=== WHAT THE TASK REQUIRES ===
Your copy should repeat each record exactly and contain none of the pictures.

[Data excerpts]
——

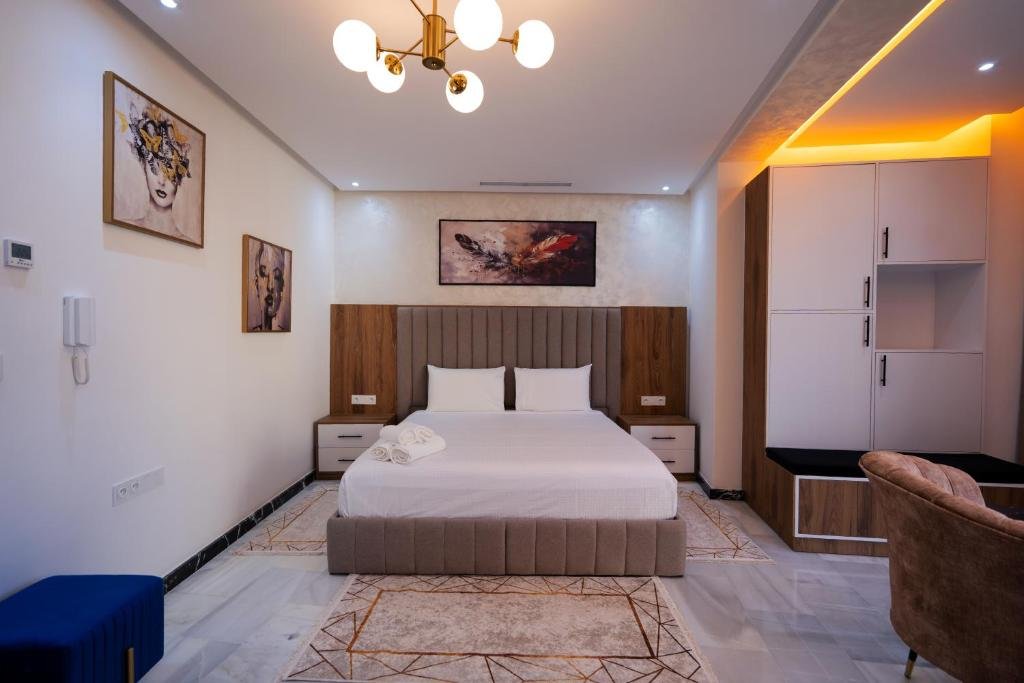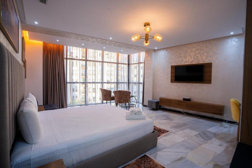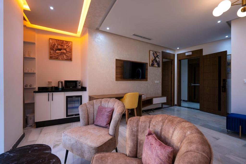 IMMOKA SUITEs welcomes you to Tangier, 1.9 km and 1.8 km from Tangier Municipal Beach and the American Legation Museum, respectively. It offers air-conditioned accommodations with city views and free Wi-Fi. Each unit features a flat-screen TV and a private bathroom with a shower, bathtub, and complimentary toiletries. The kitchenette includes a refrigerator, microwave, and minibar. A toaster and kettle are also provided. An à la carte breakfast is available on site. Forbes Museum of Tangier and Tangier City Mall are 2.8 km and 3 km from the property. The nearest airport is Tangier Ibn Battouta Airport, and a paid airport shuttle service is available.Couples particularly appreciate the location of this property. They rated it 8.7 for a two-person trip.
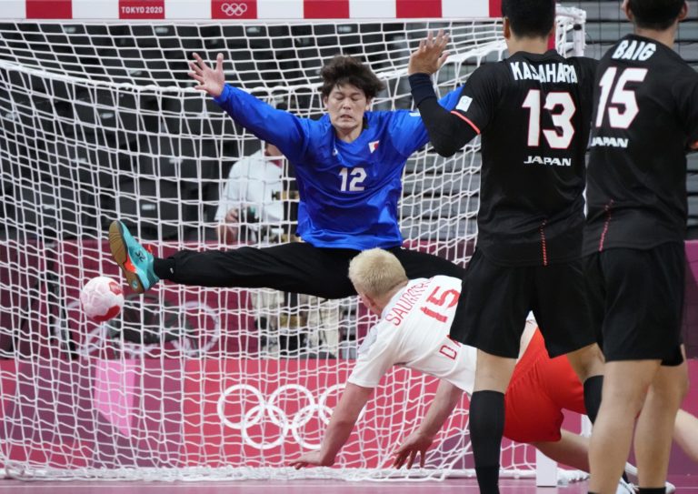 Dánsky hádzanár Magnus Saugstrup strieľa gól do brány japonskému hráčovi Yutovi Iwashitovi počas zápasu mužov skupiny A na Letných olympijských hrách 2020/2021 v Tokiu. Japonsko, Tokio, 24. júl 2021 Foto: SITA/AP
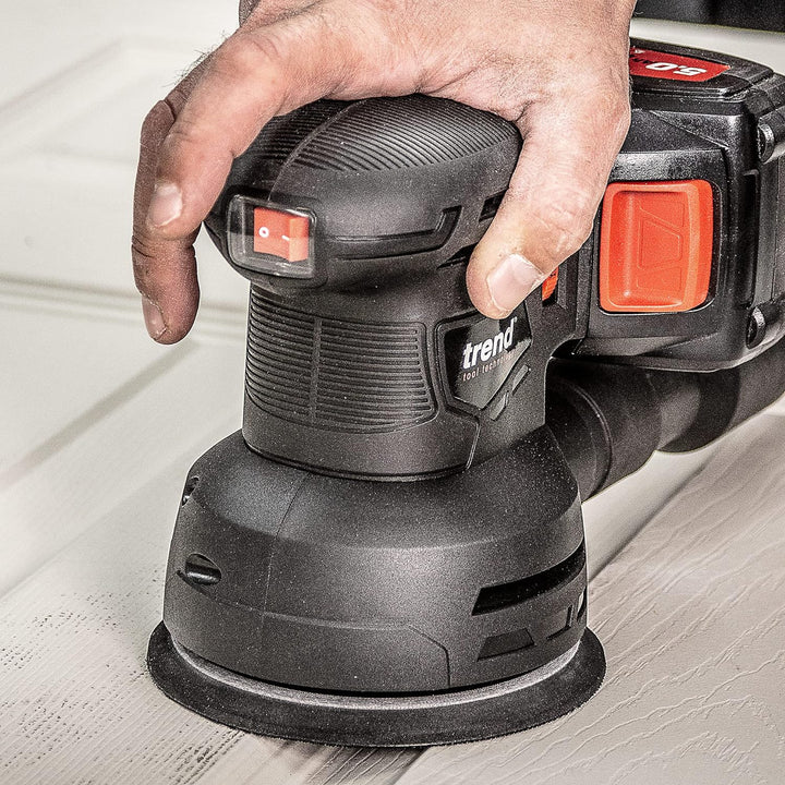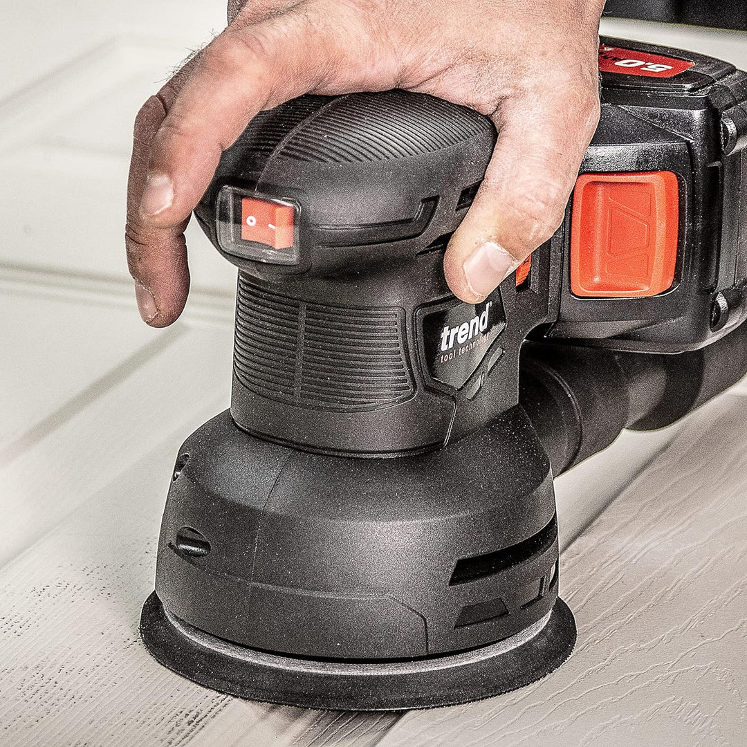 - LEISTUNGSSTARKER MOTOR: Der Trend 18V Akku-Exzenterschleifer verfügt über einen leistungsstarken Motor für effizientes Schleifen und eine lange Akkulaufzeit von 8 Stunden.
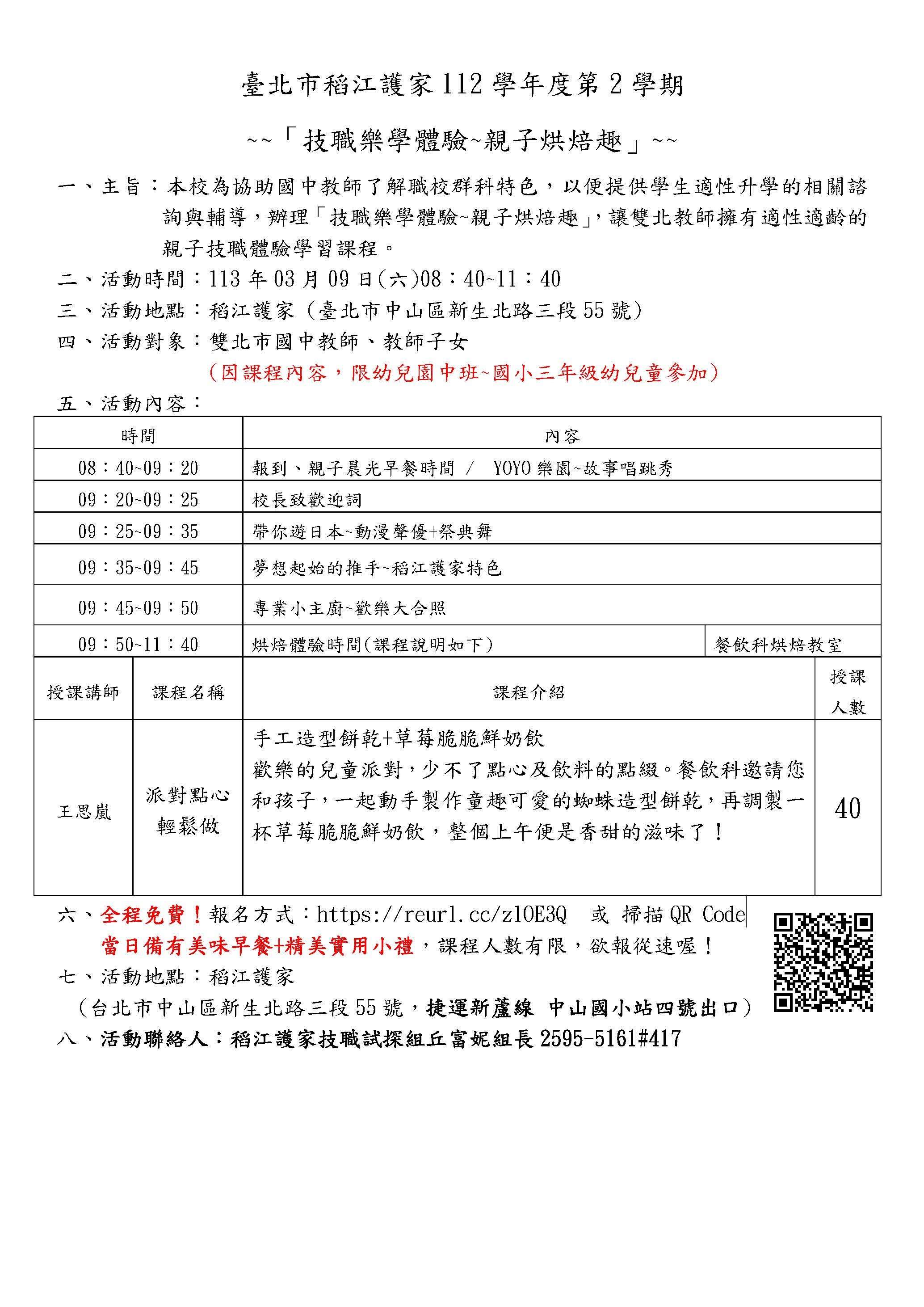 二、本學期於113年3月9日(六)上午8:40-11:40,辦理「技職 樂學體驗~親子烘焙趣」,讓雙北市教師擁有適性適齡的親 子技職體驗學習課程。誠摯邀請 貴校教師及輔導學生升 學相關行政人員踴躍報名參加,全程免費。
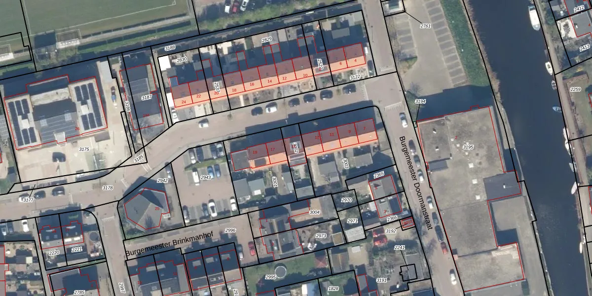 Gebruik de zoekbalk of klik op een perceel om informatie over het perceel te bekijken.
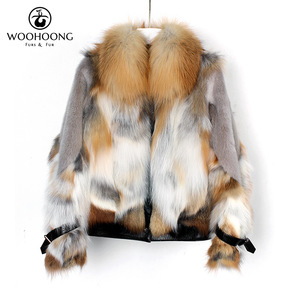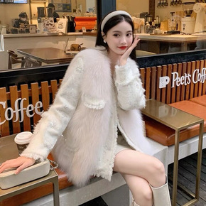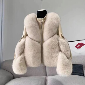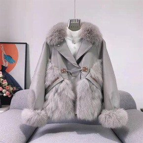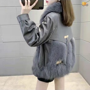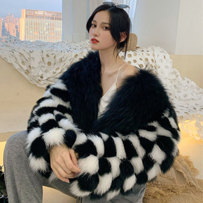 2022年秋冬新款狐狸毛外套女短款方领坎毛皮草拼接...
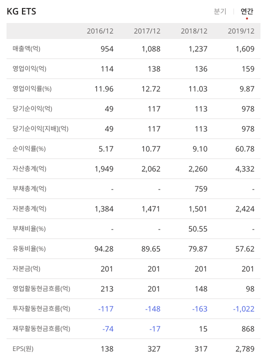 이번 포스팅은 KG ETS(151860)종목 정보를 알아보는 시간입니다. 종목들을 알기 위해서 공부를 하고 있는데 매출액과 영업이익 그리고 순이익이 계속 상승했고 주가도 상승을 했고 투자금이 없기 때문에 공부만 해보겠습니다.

——

=== TASK OUTPUT ===
 IMMOKA SUITEs welcomes you to Tangier, 1.9 km and 1.8 km from Tangier Municipal Beach and the American Legation Museum, respectively. It offers air-conditioned accommodations with city views and free Wi-Fi. Each unit features a flat-screen TV and a private bathroom with a shower, bathtub, and complimentary toiletries. The kitchenette includes a refrigerator, microwave, and minibar. A toaster and kettle are also provided. An à la carte breakfast is available on site. Forbes Museum of Tangier and Tangier City Mall are 2.8 km and 3 km from the property. The nearest airport is Tangier Ibn Battouta Airport, and a paid airport shuttle service is available.Couples particularly appreciate the location of this property. They rated it 8.7 for a two-person trip.
 Dánsky hádzanár Magnus Saugstrup strieľa gól do brány japonskému hráčovi Yutovi Iwashitovi počas zápasu mužov skupiny A na Letných olympijských hrách 2020/2021 v Tokiu. Japonsko, Tokio, 24. júl 2021 Foto: SITA/AP
 - LEISTUNGSSTARKER MOTOR: Der Trend 18V Akku-Exzenterschleifer verfügt über einen leistungsstarken Motor für effizientes Schleifen und eine lange Akkulaufzeit von 8 Stunden.
 二、本學期於113年3月9日(六)上午8:40-11:40,辦理「技職 樂學體驗~親子烘焙趣」,讓雙北市教師擁有適性適齡的親 子技職體驗學習課程。誠摯邀請 貴校教師及輔導學生升 學相關行政人員踴躍報名參加,全程免費。
 Gebruik de zoekbalk of klik op een perceel om informatie over het perceel te bekijken.
 2022年秋冬新款狐狸毛外套女短款方领坎毛皮草拼接...
 이번 포스팅은 KG ETS(151860)종목 정보를 알아보는 시간입니다. 종목들을 알기 위해서 공부를 하고 있는데 매출액과 영업이익 그리고 순이익이 계속 상승했고 주가도 상승을 했고 투자금이 없기 때문에 공부만 해보겠습니다.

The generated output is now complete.